I remember receiving a teaching many years ago proposing that 80% of what happens in life is a direct result of our choices, decisions and actions. The other 20% is governed by the uncontrollable and unpredictable forces of chaos. Wrapped up in the illusion of self-importance, I self-assuredly believed myself to be the captain of my own ship, sailing the seas of reality with confident ease. I believed no storm could knock me off my course, so I politely listened to my teacher but didn’t believe her words applied to my life. After all, I reasoned, I’m too clever and too aware to let chaos get the better of me.
Although I have had many minor skirmishes with chaos in my life, none of them were unmanageable.
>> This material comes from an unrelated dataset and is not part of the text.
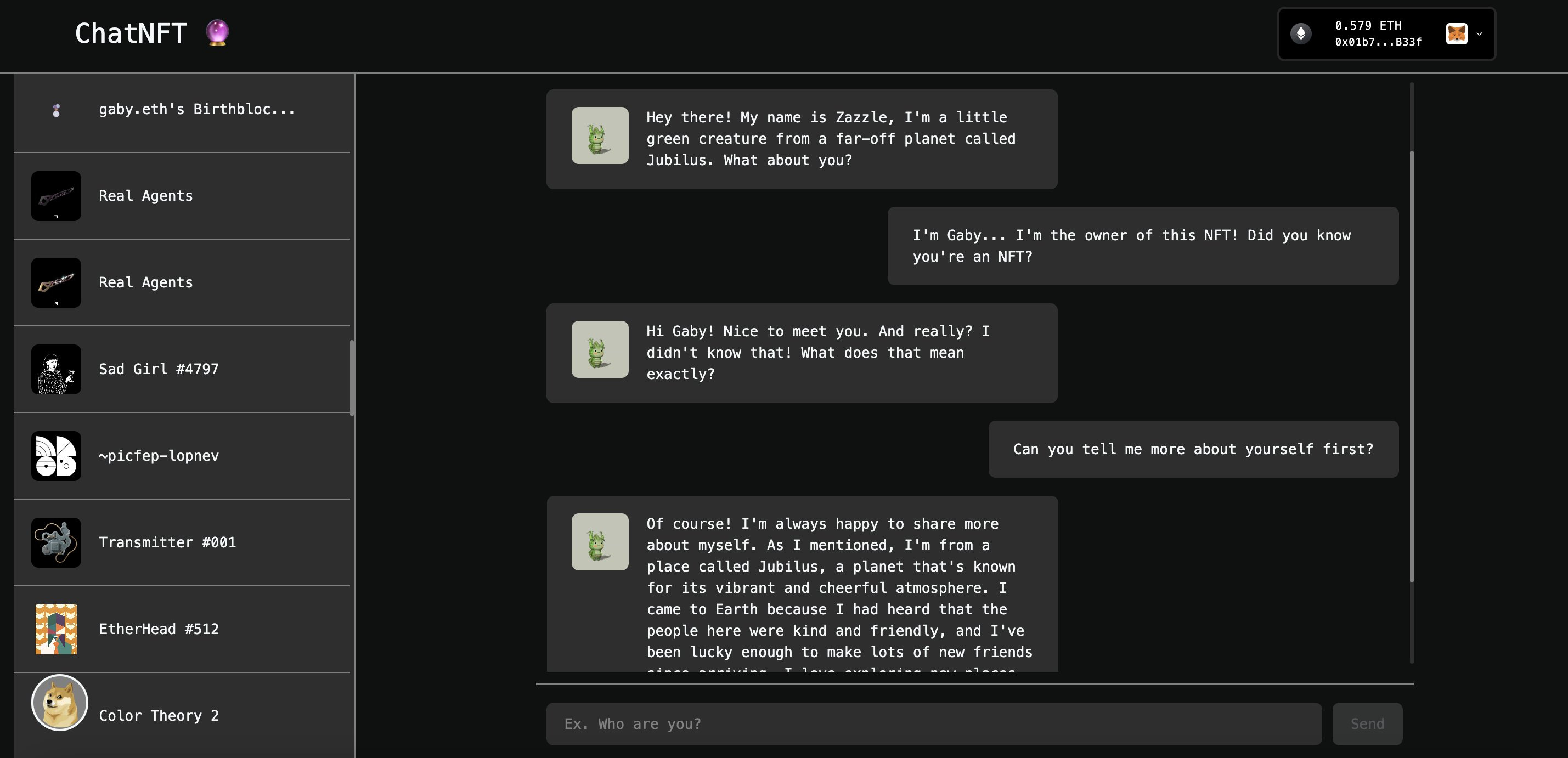 The rise of AI solutions in recent months like ChatGPT suggests every field of human activity is about to be revolutionized in various ways, and the NFT ecosystem is no exception here. The AI x NFT experiments will start off relatively simple like the “NFT chat” app shown below, though much more complex possibilities now lie just around the corner!
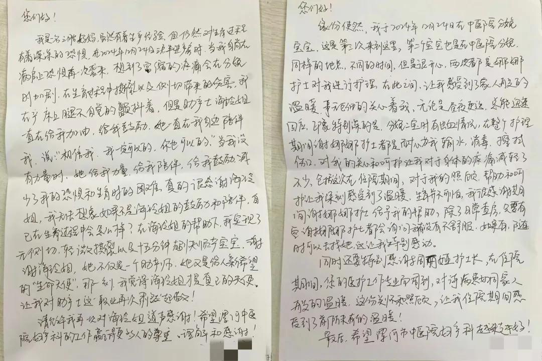 手寫的感謝信表達(dá)了對護(hù)士長周麗婭暖心細(xì)致的全程護(hù)理服務(wù),助產(chǎn)士朱海玲專業(yè)的助產(chǎn)技術(shù)及心理支持,助力寶寶平安生產(chǎn)以及謝娜娜護(hù)士耐心細(xì)致的護(hù)理和陪伴,讓她十分感動(dòng),住院期間感受到了家的溫暖和如親人般的陪伴。這些都如涓涓細(xì)流滋潤著寶媽和家屬的心田,并以寫信的方式表達(dá)對婦產(chǎn)科團(tuán)隊(duì)優(yōu)質(zhì)護(hù)理服務(wù)的認(rèn)可。

Recently, however, Chaos has come thundering into my life like a tidal wave crashing through my placid sea of complacency. I have been set adrift, alone in my ship with no rudder or sails. The violent currents now direct an unknown course, while howling winds scream in my ears and waves batter me into humble submission.
My mind races in circles, frantically searching for a logical explanation of why this uninvited, volatile whirlwind of chaos has taken over my life. As I retrace my steps I become entangled in a web of regrets for poor choices made. I beat myself up for not being aware of the potential consequences. My suppressed fear for losing control of my reality, escapes from its shadowy imprisonment. It rises above me, terrorizing me into a crumpled powerless heap. The unpredictable hands of chaos have swept me up, depositing me on a razors edge between sanity and insanity. My nerves are frayed as the stress deposits weighted knots of dread into the pit of my stomach. Sleep flirts with me, making brief visits during infrequent moments of silence. My emotions intensify, crashing against me with a thunderous force. They incessantly claw at a once steady shore, eroding away at my former confident control of reality. I feel powerless to once again captain my own ship and direct my life back to its previously normal, comfortable state.
In a recent moment of clarity, I understood that even within the frenzied, hectic disorder of chaos, there is pattern. Chaos is nothing but energy moving from an infinite array of possibilities, eternally shifting from one pattern to reconfigure itself into a new one. Nothing ever stays the same. This is both a fundamental truth and a universal law. Energy cannot be fully harnessed, controlled or destroyed, nor can any form of resistance withstand its movement or direction. I prefer patterns which are recognizable and familiar to me over those that feel strange and foreign. I feel attached to the comfortable patterns I have both accepted and created in my life and I resist changing or letting them go. My immediate impulse is to fight against chaos whenever it threatens to shift or change my comfortable patterns. In truth the new pattern scares me because I don’t recognize or understand it. I have no idea of where it will take me or how it will change my life. Instead I get caught up in stress, worry, anxiety, exhaustion and fear.
The only effective action that can be taken with chaos energy is to accept that it is ever present and then choose to align with its flow, instead of resisting it. Therefore as I move wholeheartedly towards resolution with my current dysfunctional relationship with chaos, I must affiliate myself not through resignation but more from humble acceptance.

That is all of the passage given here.